== Exercise brief ==
Begin at the line where "在飞机安全的前提下,直升机才能进行洒水作业等灭火、救援工作。 中国青年网记者 曹迪摄" appears and reproduce exactly every line through the end of the data below, both included, skipping pictures.

(Collected data)
⁂

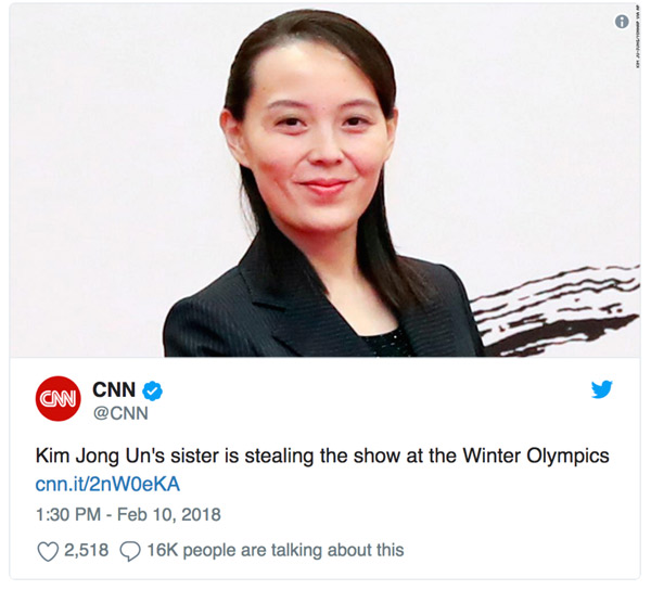 In its article, entitled Kim Jong Un’s sister is stealing the show at the Olympics, CNN wrote:
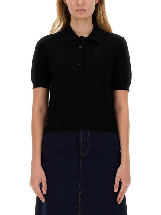 Burberry Slim Fit Cotton Blend Knit Polo Shirt Black
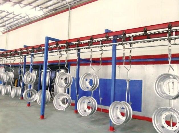 汽車輪轂拋丸機能對原始狀態的工件表面施以強力拋丸,除掉其上的銹層、焊渣及氧化皮,使之獲得均勻一致的金屬光澤,以提高鋼材的涂飾質量與防腐效果。
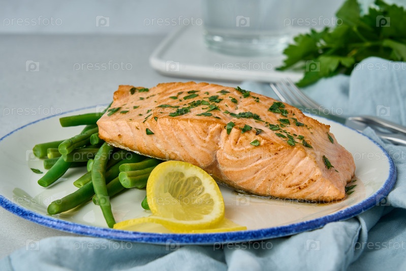 Вкусный запеченный лосось со спаржей, лимоном и петрушкой. Здоровая пища с омега3
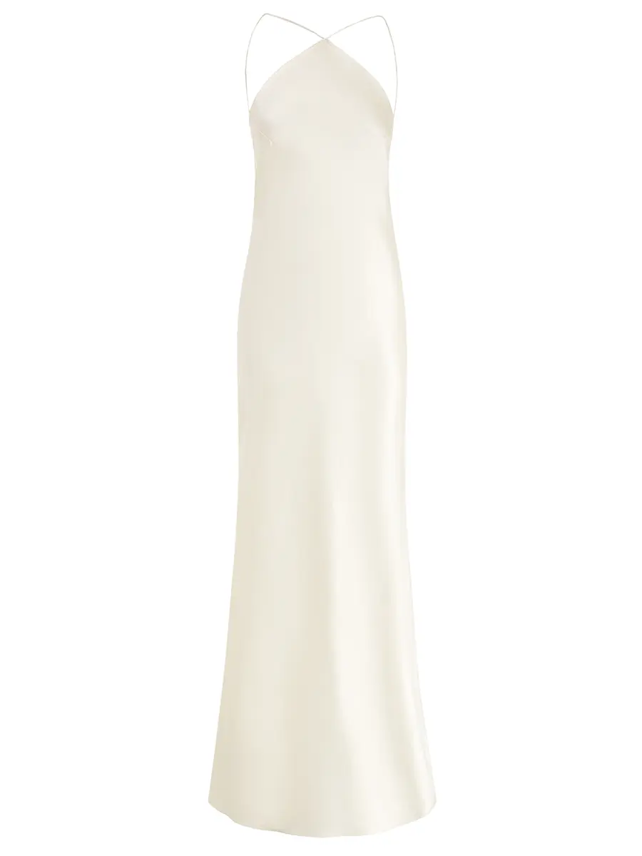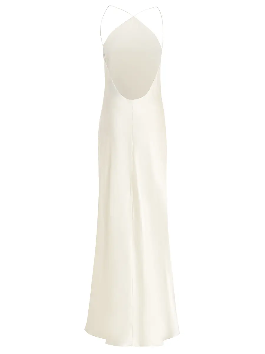 -Платье-макси из шелка в кремовом цвете от GODS OF FAME. -Модель с открытой спинкой скроена по косой, что обеспечивает идеальную посадку по фигуре. -Лаконичное платье, в котором нет ничего лишнего, уместно дополнит коктейльные или вечерние мероприятия.
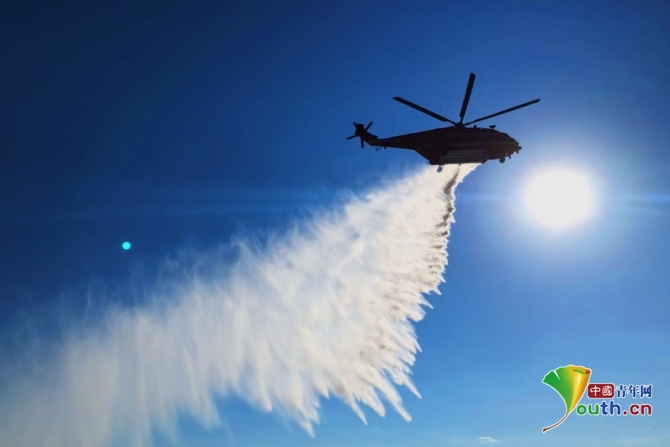 在飞机安全的前提下,直升机才能进行洒水作业等灭火、救援工作。 中国青年网记者 曹迪摄
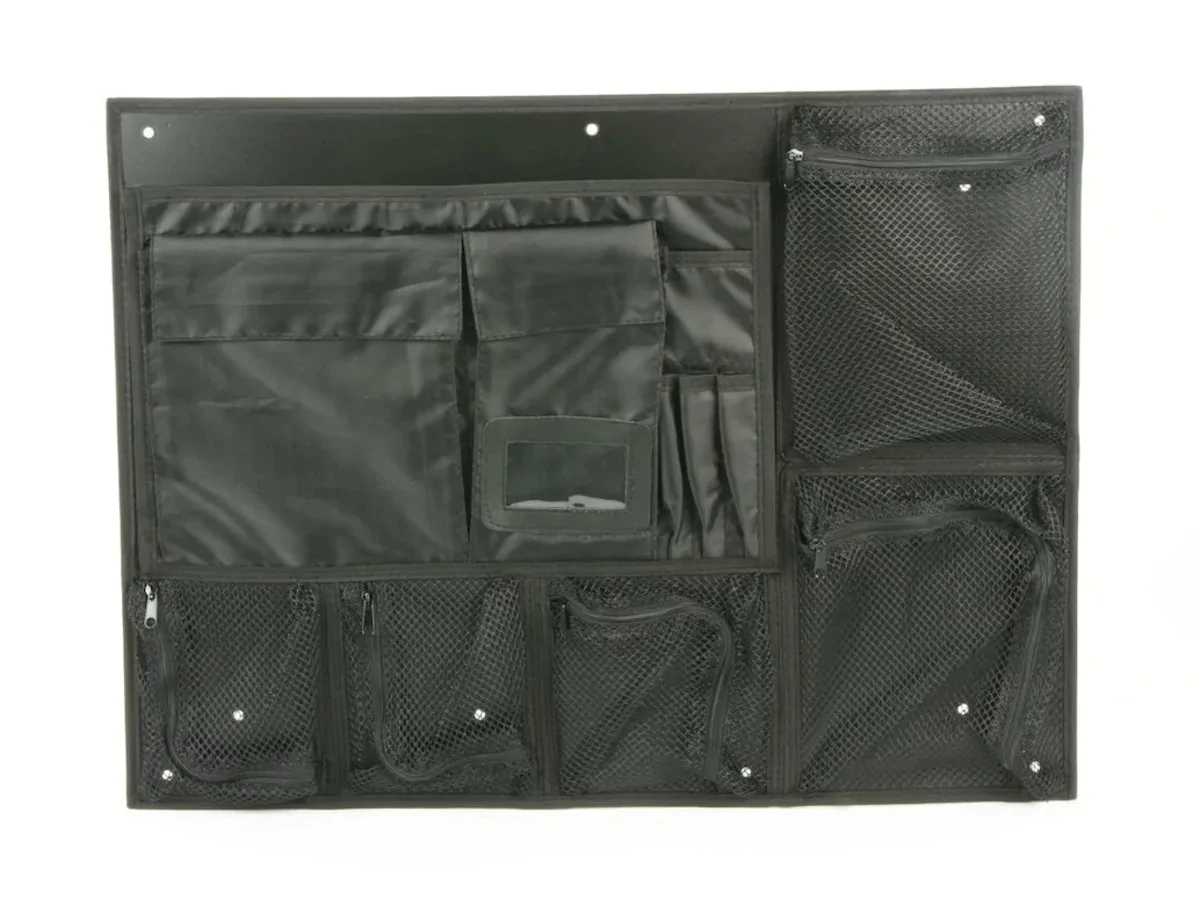 Kit includes lid organizer (5 mesh pockets, 3 pen holders, 1 business card holder, 2 sleeves with velcro flap, 1 large sleeve open top, 1 sleeve open top), 7/16" self tapping screws.
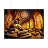 Cette affiche n'est pas seulement une décoration ; c'est une déclaration d'élégance, de mystère et une appréciation des histoires que le temps nous raconte à travers les paroles silencieuses de ceux qui veillent sur les plus grandes bibliothèques de l'histoire.
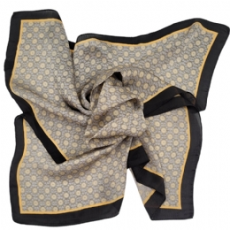 Μεγάλη τετράγωνη εκρού Ιταλική μαντήλα με κίτρινη και σομόν πιτσιλωτή μπορντούρα από σύμμεικτο βαμβάκι

⁂

== Exercise response ==
 在飞机安全的前提下,直升机才能进行洒水作业等灭火、救援工作。 中国青年网记者 曹迪摄
 Kit includes lid organizer (5 mesh pockets, 3 pen holders, 1 business card holder, 2 sleeves with velcro flap, 1 large sleeve open top, 1 sleeve open top), 7/16" self tapping screws.
 Cette affiche n'est pas seulement une décoration ; c'est une déclaration d'élégance, de mystère et une appréciation des histoires que le temps nous raconte à travers les paroles silencieuses de ceux qui veillent sur les plus grandes bibliothèques de l'histoire.
 Μεγάλη τετράγωνη εκρού Ιταλική μαντήλα με κίτρινη και σομόν πιτσιλωτή μπορντούρα από σύμμεικτο βαμβάκι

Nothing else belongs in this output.